** Records supplied follows **
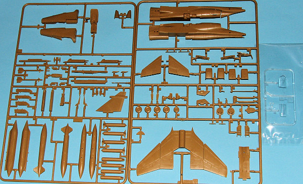 I cut the clear circular seal, expecting parts to come tumbling out of the box. Lo, they were all neatly sealed inside a nice polybag. The details didn't look raised either, but nearly as good as anything Hasegawa could put out. Once the bag was opened and I had a chance to look over the two large tan sprues and the smaller clear one, the more I thought this was a VERY close copy of the Hasegawa kit. Same separate front end for doing either a single seat or a twin seat version. Same separate nose for the British rangefinder or French smooth nose, same separate windscreen and canopy, same ejector towers in the exhaust and so on. Lots of 'sames', but perhaps it is that there is only one way to mold a 1/72 Jaguar. This kit has separate wing fences to facilitate installing the Sidewinder rails, a nice pair of wing drop tanks and a camera pod for the belly. It has sidewinders and some interesting looking bombs.
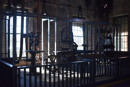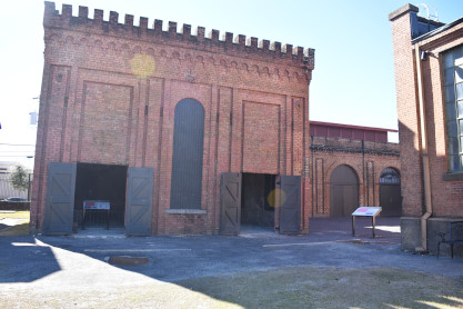 The engine house and boiler room, built in 1855, housed a boiler and stationary steam engine that provided power for the extensive belt-driven machinery throughout the site. Currently it houses a Finlay stationary steam engine built in Macon in 1852. It is the oldest Georgia-made stationary steam engine in the United States.
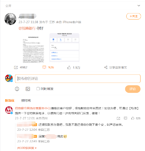对此,招商银行网络经营服务中心在该用户微博下评论称,很抱歉给其带来困扰,如方便可通过私信提供联系电话,以便招行进一步向相关部门反馈。
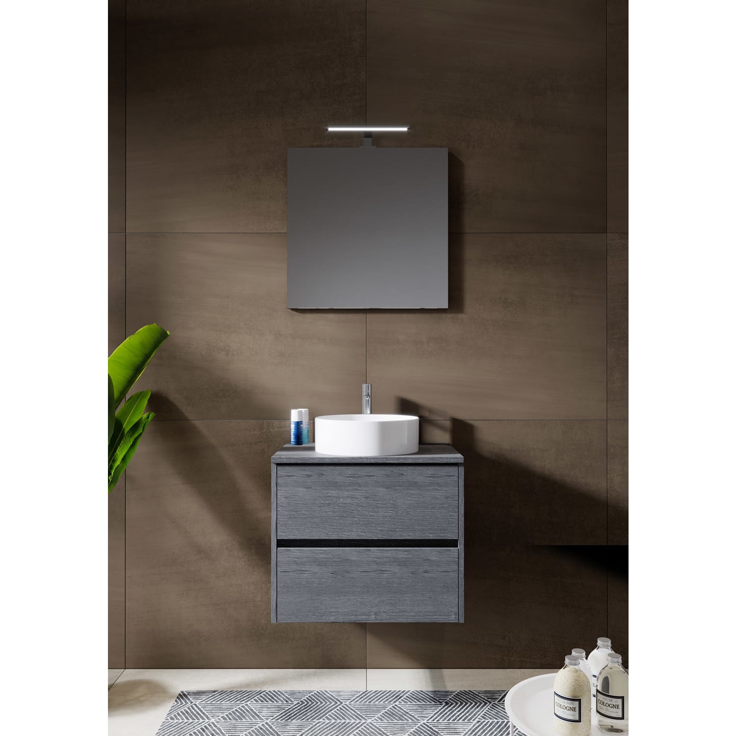 Riho Porto Bowls Badmöbel-Set mit Unterschrank mit 2 Schubladen, Waschtisch und Spiegel, 60 cm
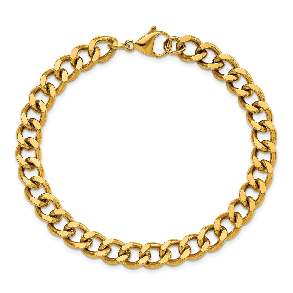 Chisel Stainless Steel Polished Yellow IP-plated 8mm 8.5in Curb Chain Bracelet
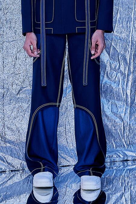 Navy blue cotton pant featuring layered cut-outs and stitchlines detailing
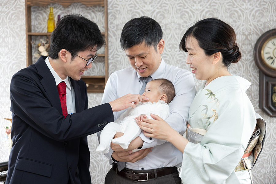 第一子のお宮参りで、親子3人のスタジオ撮影をお願いしました。
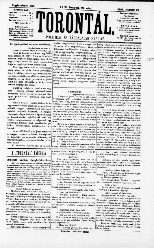 Torontál, 23. évf. 1894. november 26. 271. sz.
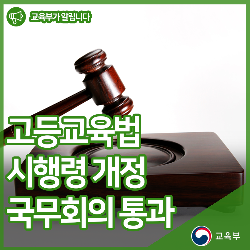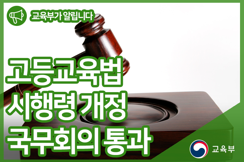 교육부(부총리 겸 교육부장관 유은혜)는 10월 15일(화) 국무회의에서 「고등교육법 시행령」 개정안이 심의・의결되었다고 밝혔다. 이번 시행령 개정은 대입 공정성을 보다 강화하기 위한 목적으로 올해 4월 「고등교육법」상 대학 입학사정관 배제·회피 근거조항이 신설됨에 따라 후속조치로 회피 신고대상을 구체화한 것이다.
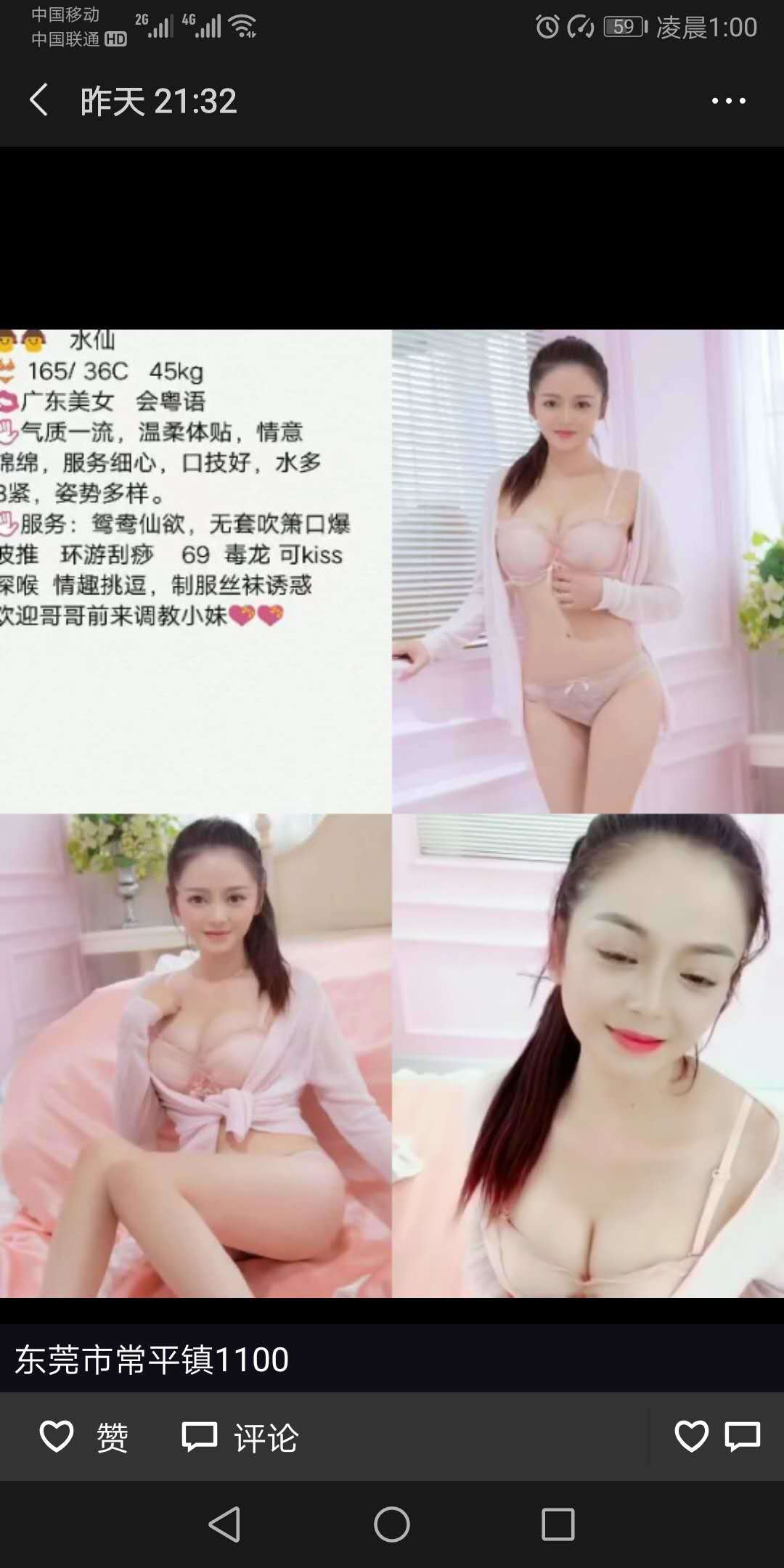 [xinxitop]提示信息[/xinxitop] 【寻欢时间】:2019年12月 【寻欢地点】:广东 东莞 寮步 常平 南城 【信息来源】: 亲身体验 【服务项目】:鸳鸯浴,漫游,胸推,69式,冰火,口活,爱爱、SM(可选,勿必填写真实服务项目) 【妹妹数量】:N 【环境设备】:N 【营业时间】:N 【价格一览】:100-1000 【安全评估】:评分,满分100。 【服务星级】:★★★★★(最高5星)应适当评价质量 【重点推荐】:最值得推荐的地方以供参考 【联系方式】:微信 寮步的mm52m00 【寻欢细节】:没钱买别人资料 分享下自己的资料赚点G币 我这联系方式大部分是鸡头 1. 寮步去过4 5次 长得还可以 都是洗吹做 吹也就吹一会 我是觉得没意思 一般330一次 650 2次 砍砍价能300一次600 2次 2. 南城会所 悦雅去过 砍价600一次 带服务 有按摩 胸推 漫游 69没试不知道你们自己问 我觉得还可以 妹子有几个 有一个胸又大又挺 还不错 果果会所没去过 价格和悦雅一样 打算去一次 3 4.石龙 700 2次 服务就是一般的 说点题外话 微信附近人人可以找到很多酒店做的鸡头 我去过几次 400一次 不要相信写的什么服务 只有口 做 口也就一会 另外上门的全是骗子(我遇到的)QQ群加的上门的都是骗子 都是聊单的 他们发你的图片和来的小姐 完全没关系 他们和你谈好价格 找鸡头喊小姐过来 他们也不知道来的什么人 一般来的小姐都不好 服务写的什么全套都是扯淡 只有口 口硬就给你戴套搞 还有你和那边说好700做2次 小姐做完一次找借口走了 上门的要小心 找过几次很坑 完全不值 快餐就不写了 不喜欢 站街的100一次 说实话长得也有可以的总结便宜没好货 网上发你的照片百分之90是假的 【附带照片】:
** End of Records supplied **
Task objective » Give back, word for word, the lines from the one containing "第一子のお宮参りで、親子3人のスタジオ撮影をお願いしました。" through the last line of the listing above; include both ends and exclude the pictures.

Response »
 第一子のお宮参りで、親子3人のスタジオ撮影をお願いしました。
 Torontál, 23. évf. 1894. november 26. 271. sz.
 교육부(부총리 겸 교육부장관 유은혜)는 10월 15일(화) 국무회의에서 「고등교육법 시행령」 개정안이 심의・의결되었다고 밝혔다. 이번 시행령 개정은 대입 공정성을 보다 강화하기 위한 목적으로 올해 4월 「고등교육법」상 대학 입학사정관 배제·회피 근거조항이 신설됨에 따라 후속조치로 회피 신고대상을 구체화한 것이다.
 [xinxitop]提示信息[/xinxitop] 【寻欢时间】:2019年12月 【寻欢地点】:广东 东莞 寮步 常平 南城 【信息来源】: 亲身体验 【服务项目】:鸳鸯浴,漫游,胸推,69式,冰火,口活,爱爱、SM(可选,勿必填写真实服务项目) 【妹妹数量】:N 【环境设备】:N 【营业时间】:N 【价格一览】:100-1000 【安全评估】:评分,满分100。 【服务星级】:★★★★★(最高5星)应适当评价质量 【重点推荐】:最值得推荐的地方以供参考 【联系方式】:微信 寮步的mm52m00 【寻欢细节】:没钱买别人资料 分享下自己的资料赚点G币 我这联系方式大部分是鸡头 1. 寮步去过4 5次 长得还可以 都是洗吹做 吹也就吹一会 我是觉得没意思 一般330一次 650 2次 砍砍价能300一次600 2次 2. 南城会所 悦雅去过 砍价600一次 带服务 有按摩 胸推 漫游 69没试不知道你们自己问 我觉得还可以 妹子有几个 有一个胸又大又挺 还不错 果果会所没去过 价格和悦雅一样 打算去一次 3 4.石龙 700 2次 服务就是一般的 说点题外话 微信附近人人可以找到很多酒店做的鸡头 我去过几次 400一次 不要相信写的什么服务 只有口 做 口也就一会 另外上门的全是骗子(我遇到的)QQ群加的上门的都是骗子 都是聊单的 他们发你的图片和来的小姐 完全没关系 他们和你谈好价格 找鸡头喊小姐过来 他们也不知道来的什么人 一般来的小姐都不好 服务写的什么全套都是扯淡 只有口 口硬就给你戴套搞 还有你和那边说好700做2次 小姐做完一次找借口走了 上门的要小心 找过几次很坑 完全不值 快餐就不写了 不喜欢 站街的100一次 说实话长得也有可以的总结便宜没好货 网上发你的照片百分之90是假的 【附带照片】:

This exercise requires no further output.